And, of course, they test and inspect too late, applying too little rigour – “Looks good to me.” They put far too much trust in the technology, relying on “rules” and “guardrails” set out in Markdown files that we know LLMs will misinterpret and ignore randomly, barely keeping one hand on the wheel.

As far as I’ve seen, no team actually winning with the technology works like that. They’re keeping both hands firmly on the wheel. They’re doing the driving. As AI luminary Andrej Karpathy put it, “agentic” solutions built on top of LLMs just don’t work reliably enough today to leave them to get on with it.

It may be many years before they do. Statistical mechanics predicts it could well be never, with the order-of-magnitude improvement in accuracy needed to make them reliable enough (wrong 2% of the time instead of 20%) calculated to require 1020 times the compute to train. To do that on similar timescales to the hyperscale models of today would require Dyson Spheres (plural) to power it.

Any autonomous software developer – human or machine – requires Actual Intelligence: the ability to reason, to learn, to plan and to understand. There’s no reason to believe that any technology built using deep learning alone will ever be capable of those things, regardless of how plausibly they can mimic them, and no matter how big we scale them. LLMs are almost certainly a dead end for AGI.

For this reason I’ve resisted speculating about how good the technology might become in the future, even though the entire value proposition we see coming out of the frontier labs continues to be about future capabilities. The gold is always over the next hill, it seems.

Instead, I’ve focused my experiments and my learning on present-day reality. And the present-day reality that we’ll likely have to live with for a long time is that LLMs are unreliable narrators. End of. Any approach that doesn’t embrace this fact is doomed to fail.

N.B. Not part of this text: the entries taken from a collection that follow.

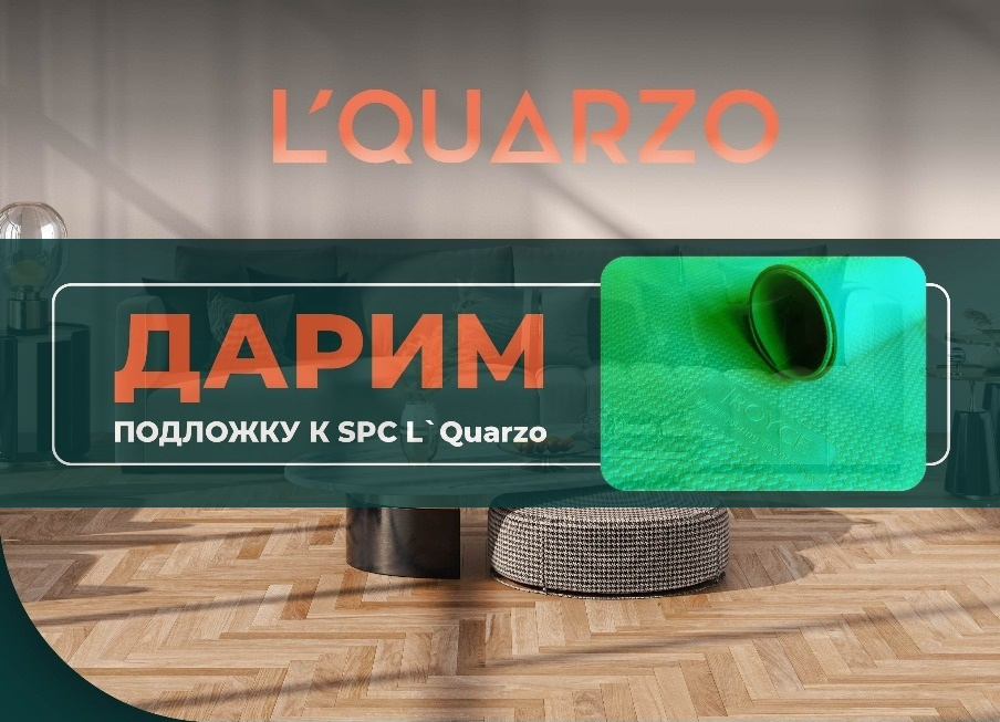 При покупке виниловой плитки LQuarzo коллекций Magia, Decorrido, Aciendo подложка Royce IXPE Green RIG2 в подарок!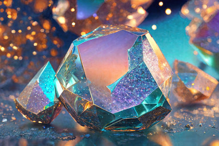 Shiny gemstones diamonds crystals abstract background. Beautiful luxury wallpaper. Digital art.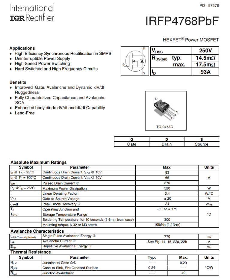 T216:IRFP4768 MOSFET 250V 83A ![]()

That’s not to say, though, that there aren’t things we can do to reduce the “hallucinations” and confabulations, and therefore the downstream chaos.

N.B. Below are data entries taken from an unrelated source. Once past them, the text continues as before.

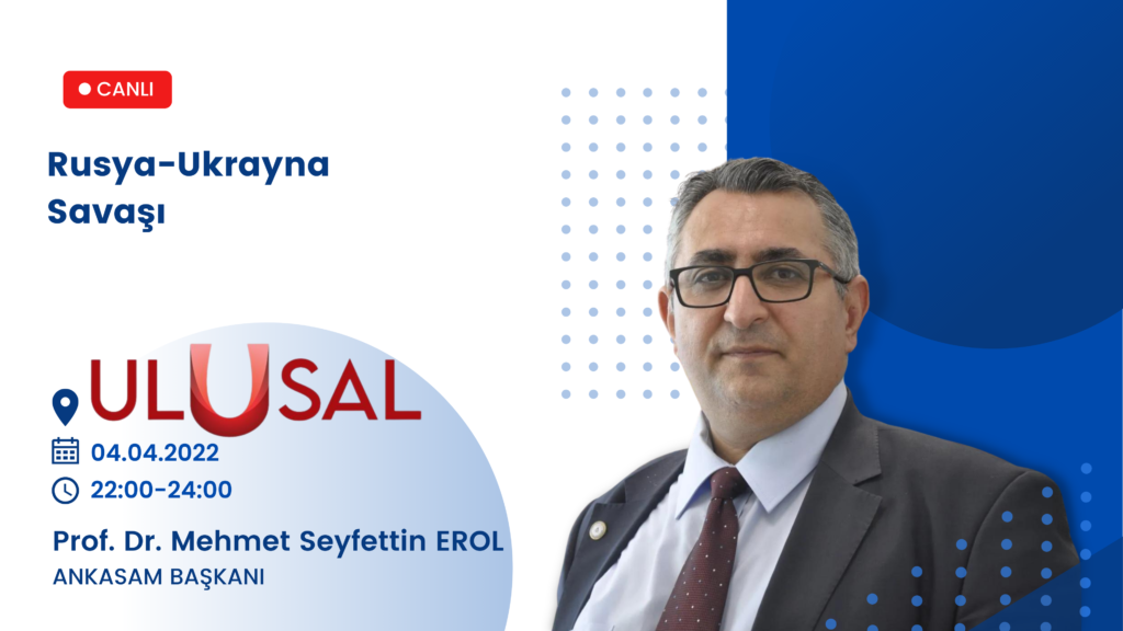 Tarih:04/04/2022Paylaş:TwitterFacebookLinkedinReddItWhatsAppTelegramEmailYazdırCopy URL DuyurularANKASAM Başkanı Prof. Dr. Mehmet Seyfettin EROL, Ulusal Kanal’daÖnerilenler Prof. Dr. Mehmet Seyfettin EROL04.04.202222:00-24:00Ulusal Kanal, “Görüş Alanı”Rusya-Ukrayna Savaşıİzlemek için buraya tıklayınızÖnceki İçerikANKASAM Uluslararası İlişkiler Danışmanı Dr. Kadir Ertaç Çelik Rusya-Ukrayna Savaşı’nı On4 TV’ye DeğerlendirdiSonraki İçerikANKASAM Başkan Başdanışmanı Emekli Büyükelçi Aydın Nurhan, A Haber’de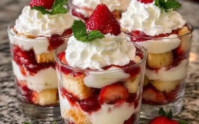 Aardbeien cakejes in cupcakevormpjes Dit dessert zal iedereen doen geloven dat je het zelf hebt gemaakt. Verse aardbeien, zelfgemaakte slagroom…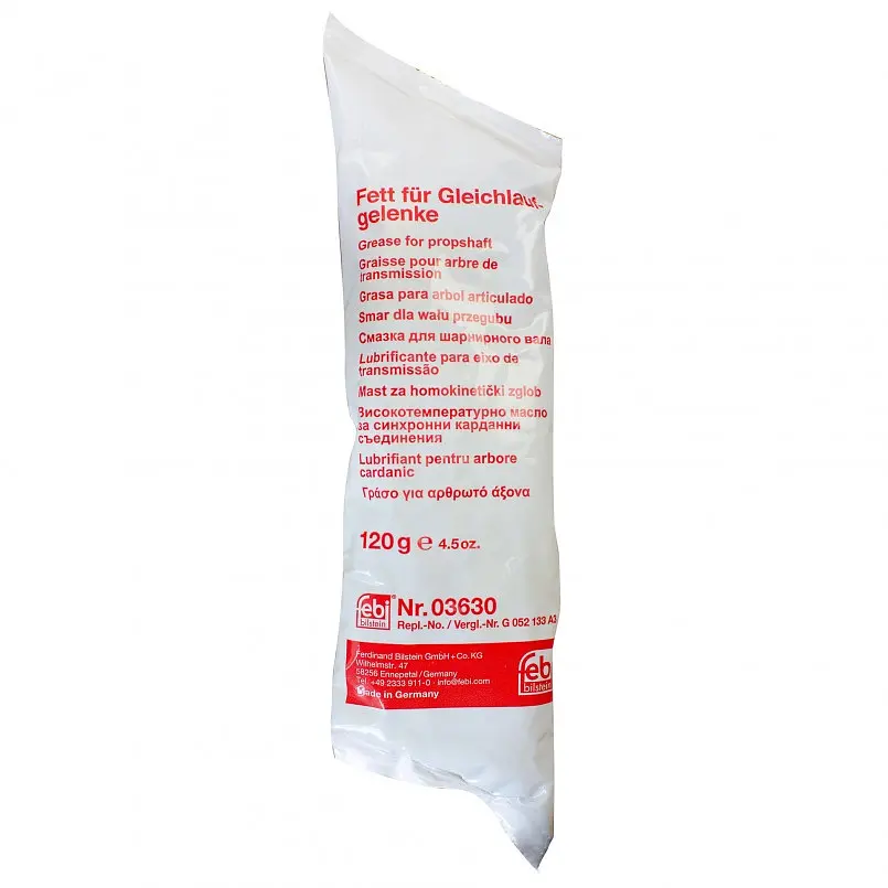 Мастило для ШРУСу триподного Febi – пластичне мастило, спеціально розроблене для обслуговування внутрішніх ШРУСів із голчастими підшипниками. Виготовлене на основі високотемпературних олій, перевершує традиційні мастила для кулькових шарнірів завдяки покращеним характеристикам. Забезпечує надійну роботу триподних ШРУСів у умовах високих температур і навантажень. Вирізняється довговічністю, стійкістю до температурного впливу та захистом від зносу, що подовжує термін служби механізмів. Підходить для використання в автомобілях марок Audi, Ford, Nissan, Renault, Seat, Subaru, Volkswagen, Volvo.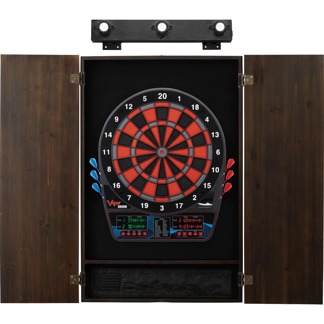 Shoot for victory with the Viper Orion Electronic Dartboard, Metropolitan Espresso Cabinet and Shadow Buster Dartboard Light Bundle! This high-tech bundle boasts the latest innovations in competitive darts and is sure to bring your game out of this world!

LLMs perform well – are less unreliable – when we present them with problems that are well-represented in their training data. The errors they make are usually a product of going outside of their data distribution, presenting them with inputs that are too complex, too novel or too niche.

Ask them for one thing, in a common problem domain, and chances are much higher that they’ll get it right. Ask them for 10 things, or for something in the long-tail of sparse training examples, and we’re in “hallucination” territory.

Clarifying with examples (e.g., test cases) helps to minimise the semantic ambiguity of inputs, reducing the risk of misinterpretation, and this is especially helpful when the model’s working with code because the samples they’re trained on are paired with those kinds of examples. They give the LLM more to match on.

Contexts need to be small and specific to the current task. How small? Research suggests that the effective usable context sizes of even the frontier LLMs are orders of magnitude smaller than advertised. Going over 1,000 tokens is likely to produce errors, but even contexts as small as 100 tokens can produce problems.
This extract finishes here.